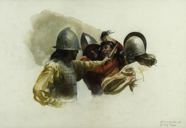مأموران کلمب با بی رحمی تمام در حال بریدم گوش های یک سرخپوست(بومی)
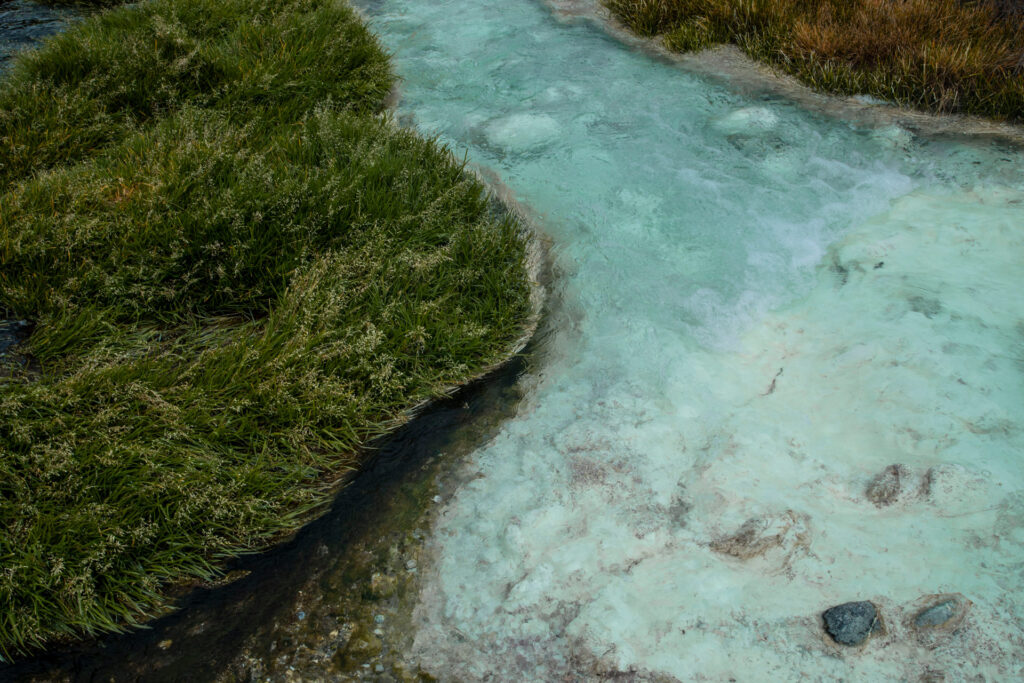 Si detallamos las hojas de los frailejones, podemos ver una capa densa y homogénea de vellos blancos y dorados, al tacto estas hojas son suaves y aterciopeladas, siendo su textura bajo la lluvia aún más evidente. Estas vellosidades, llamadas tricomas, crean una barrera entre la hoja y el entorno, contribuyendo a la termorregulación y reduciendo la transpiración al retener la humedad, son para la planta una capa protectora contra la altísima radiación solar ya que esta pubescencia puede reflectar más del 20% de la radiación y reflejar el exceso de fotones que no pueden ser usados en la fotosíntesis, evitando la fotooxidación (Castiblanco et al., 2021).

==

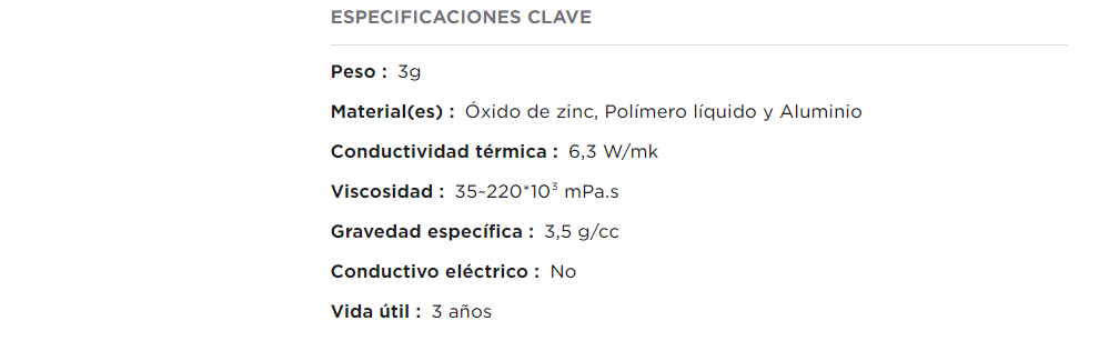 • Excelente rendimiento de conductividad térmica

:: INSTRUCTIONS TO FOLLOW ::
Copy the lines above exactly, starting with the line that contains "مأموران کلمب با" and ending with the line that contains "Si detallamos las", and leave out any pictures.

:: TASK ANSWER ::
مأموران کلمب با بی رحمی تمام در حال بریدم گوش های یک سرخپوست(بومی)
 Si detallamos las hojas de los frailejones, podemos ver una capa densa y homogénea de vellos blancos y dorados, al tacto estas hojas son suaves y aterciopeladas, siendo su textura bajo la lluvia aún más evidente. Estas vellosidades, llamadas tricomas, crean una barrera entre la hoja y el entorno, contribuyendo a la termorregulación y reduciendo la transpiración al retener la humedad, son para la planta una capa protectora contra la altísima radiación solar ya que esta pubescencia puede reflectar más del 20% de la radiación y reflejar el exceso de fotones que no pueden ser usados en la fotosíntesis, evitando la fotooxidación (Castiblanco et al., 2021).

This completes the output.